* What the task asks *
Reproduce all the entries exactly and keep the pictures out.

==== Material for this task

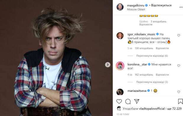 На его голове был откровенный бардак, который, впрочем, артиста не смущал. На других фото комик обаятельно улыбался. Он выглядел моложе своих лет. Отросшие волосы удачно гармонировали с молодежным образом артиста. «Какая фотка лучше из четырёх?», - подписал фото Галкин. В комментариях Галкину оставили массу приятных слов. Он нарвался на комплименты от многих звездных коллег. Особенно фото понравились певице Наташе Королевой, которая написала под постом: «Мне нравятся все!». Другие поклонники не скупились на добрые слова. «Не кокетничай, все хороши!», «Огооо! Я выбираю Первую...Спасибо, Максим!», «Все шикарны», «Во всех ты, душечка, фотках хороша», «2-я фотка мне симпатичнее всех. Есть в ней и самоирония, и самосохранение своего я и своего мира», «Красавец! Со всех сторон и на всех фото», - пишут пользователи сети. Напомним, что Галкин показал, что его семилетний сын в каске вытворяет под песни Пугачевой: "Все по-взрослому". Как сообщала Politeka, в Сети показали роскошный замок Галкина с высоты, который он возвел для Пугачевой: "На миллиард". Также Politeka писала, что Галкин засветил моложавую Пугачеву в кокетливой шляпке перед выходом в свет: "С бабулей!".
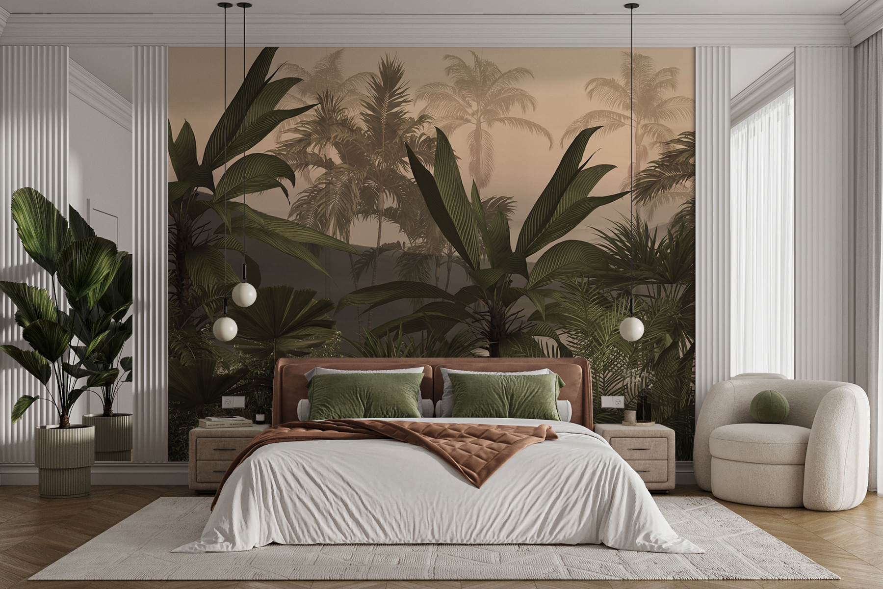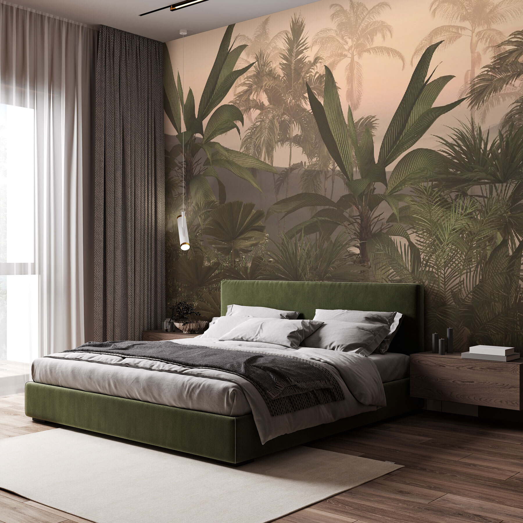 Jemné, hmlisté pozadie zmiešané so žiarivo zelenými listami dodá každému priestoru pocit života a sviežosti. Či už je to obývacia izba, spálňa, alebo dokonca kancelária, budete sa vďaka nej cítiť ako na neustálom úteku. A čo je na tom najlepšie? Žiadne chrobáky! Len nekonečný pokoj a nádych exotického kúzla priamo na vašich stenách.
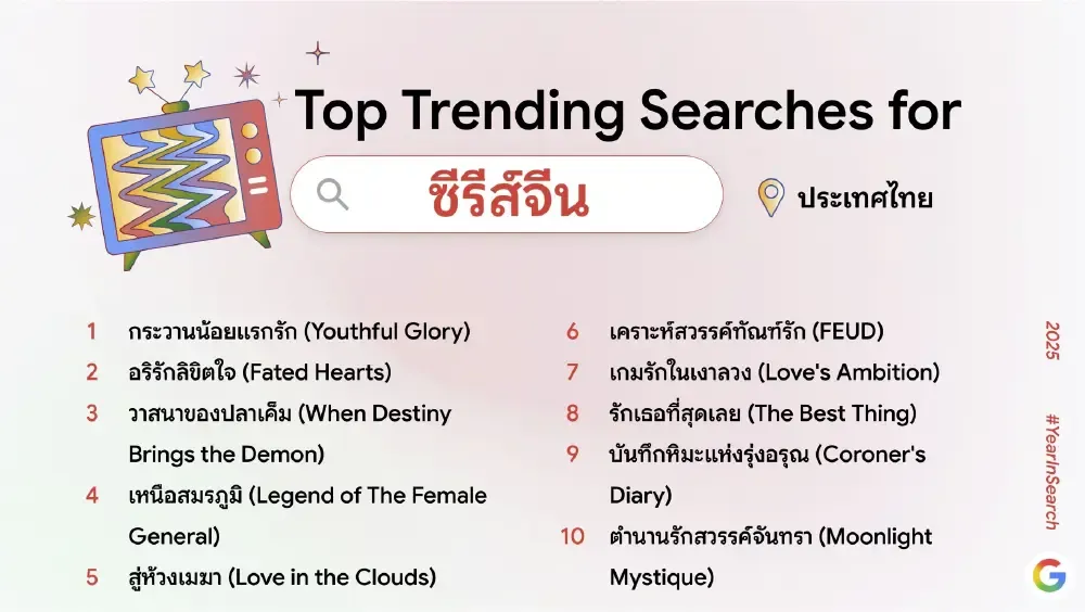 ผลการค้นหายอดนิยมประจำปี 2568 สะท้อนให้เห็นถึงรสนิยมและความหลากหลายด้านความบันเทิงของผู้ชมชาวไทย ซึ่งยังคงให้ความสนใจกับเนื้อหาหลากหลายแนว ทั้งเรื่องราวเข้มข้น พีเรียด ดราม่า แฟนตาซี ไปจนถึงการกลับมาของซีรีส์ระดับโลกที่ถูกพูดถึงอย่างกว้างขวาง
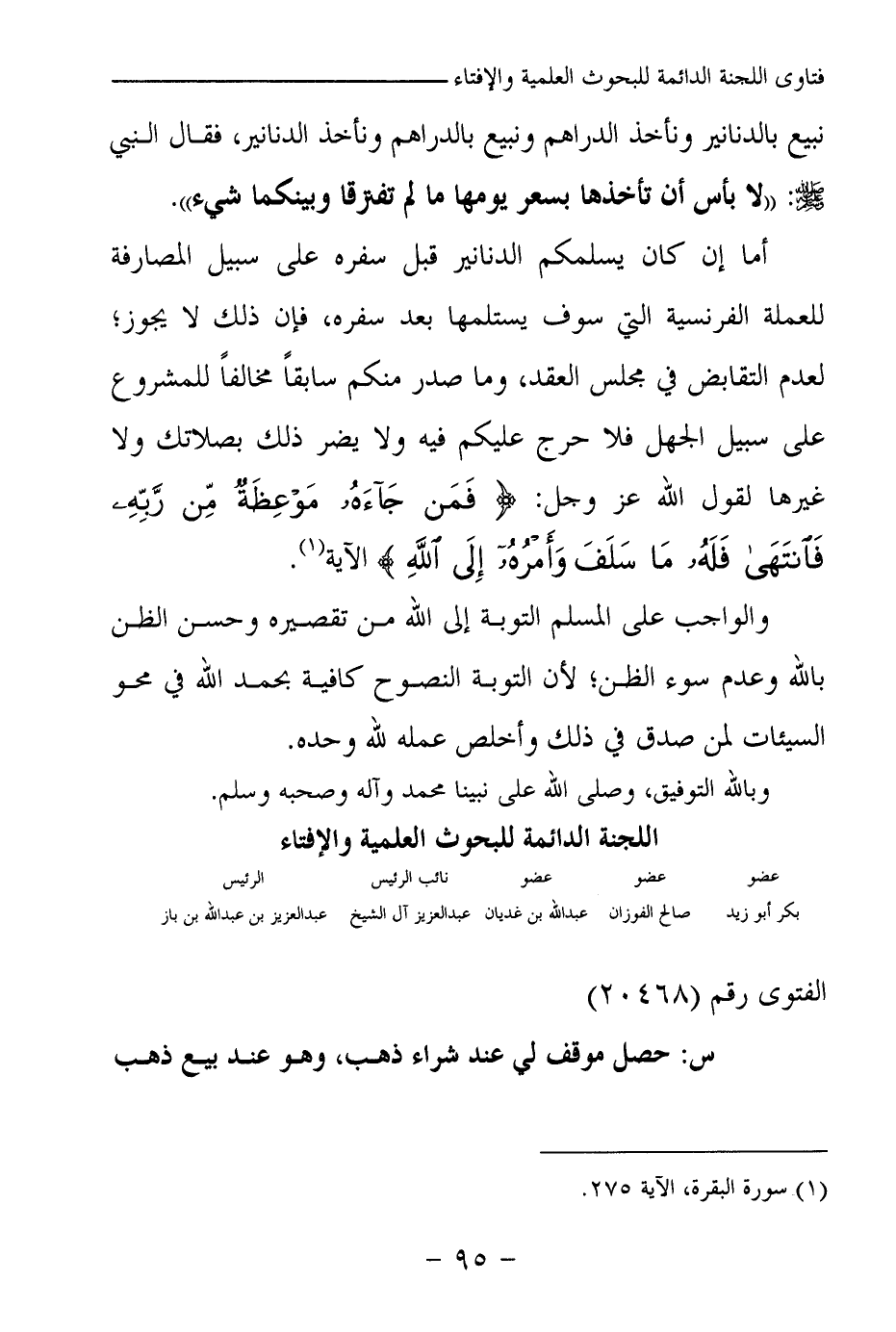 أما إن كان يسلمكم الدنانير قبل سفره على سبيل المصارفة للعملة الفرنسية التي سوف يستلمها بعد سفره، فإن ذلك لا يجوز؛ لعدم التقابض في مجلس العقد، وما صدر منكم سابقا مخالفا للمشروع على سبيل الجهل فلا حرج عليكم فيه ولا يضر ذلك بصلاتك ولا غيرها لقول الله عز وجل: {فَمَنْ جَاءَهُ مَوْعِظَةٌ مِنْ رَبِّهِ فَانْتَهَى فَلَهُ مَا سَلَفَ وَأَمْرُهُ إِلَى اللَّهِ} (¬2) الآية.
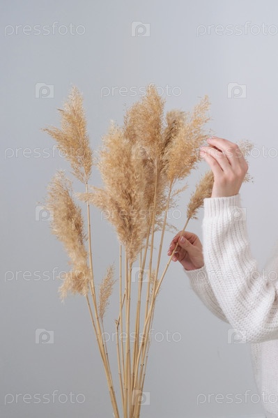 Рука женщины держит пампасную траву. Стебель тростникового шлейфа, сушеная пампасная трава, декоративная цветочная композиция из перьев для дома, новый модный домашний декор

========

* Solution *
 На его голове был откровенный бардак, который, впрочем, артиста не смущал. На других фото комик обаятельно улыбался. Он выглядел моложе своих лет. Отросшие волосы удачно гармонировали с молодежным образом артиста. «Какая фотка лучше из четырёх?», - подписал фото Галкин. В комментариях Галкину оставили массу приятных слов. Он нарвался на комплименты от многих звездных коллег. Особенно фото понравились певице Наташе Королевой, которая написала под постом: «Мне нравятся все!». Другие поклонники не скупились на добрые слова. «Не кокетничай, все хороши!», «Огооо! Я выбираю Первую...Спасибо, Максим!», «Все шикарны», «Во всех ты, душечка, фотках хороша», «2-я фотка мне симпатичнее всех. Есть в ней и самоирония, и самосохранение своего я и своего мира», «Красавец! Со всех сторон и на всех фото», - пишут пользователи сети. Напомним, что Галкин показал, что его семилетний сын в каске вытворяет под песни Пугачевой: "Все по-взрослому". Как сообщала Politeka, в Сети показали роскошный замок Галкина с высоты, который он возвел для Пугачевой: "На миллиард". Также Politeka писала, что Галкин засветил моложавую Пугачеву в кокетливой шляпке перед выходом в свет: "С бабулей!".
 Jemné, hmlisté pozadie zmiešané so žiarivo zelenými listami dodá každému priestoru pocit života a sviežosti. Či už je to obývacia izba, spálňa, alebo dokonca kancelária, budete sa vďaka nej cítiť ako na neustálom úteku. A čo je na tom najlepšie? Žiadne chrobáky! Len nekonečný pokoj a nádych exotického kúzla priamo na vašich stenách.
 ผลการค้นหายอดนิยมประจำปี 2568 สะท้อนให้เห็นถึงรสนิยมและความหลากหลายด้านความบันเทิงของผู้ชมชาวไทย ซึ่งยังคงให้ความสนใจกับเนื้อหาหลากหลายแนว ทั้งเรื่องราวเข้มข้น พีเรียด ดราม่า แฟนตาซี ไปจนถึงการกลับมาของซีรีส์ระดับโลกที่ถูกพูดถึงอย่างกว้างขวาง
 أما إن كان يسلمكم الدنانير قبل سفره على سبيل المصارفة للعملة الفرنسية التي سوف يستلمها بعد سفره، فإن ذلك لا يجوز؛ لعدم التقابض في مجلس العقد، وما صدر منكم سابقا مخالفا للمشروع على سبيل الجهل فلا حرج عليكم فيه ولا يضر ذلك بصلاتك ولا غيرها لقول الله عز وجل: {فَمَنْ جَاءَهُ مَوْعِظَةٌ مِنْ رَبِّهِ فَانْتَهَى فَلَهُ مَا سَلَفَ وَأَمْرُهُ إِلَى اللَّهِ} (¬2) الآية.
 Рука женщины держит пампасную траву. Стебель тростникового шлейфа, сушеная пампасная трава, декоративная цветочная композиция из перьев для дома, новый модный домашний декор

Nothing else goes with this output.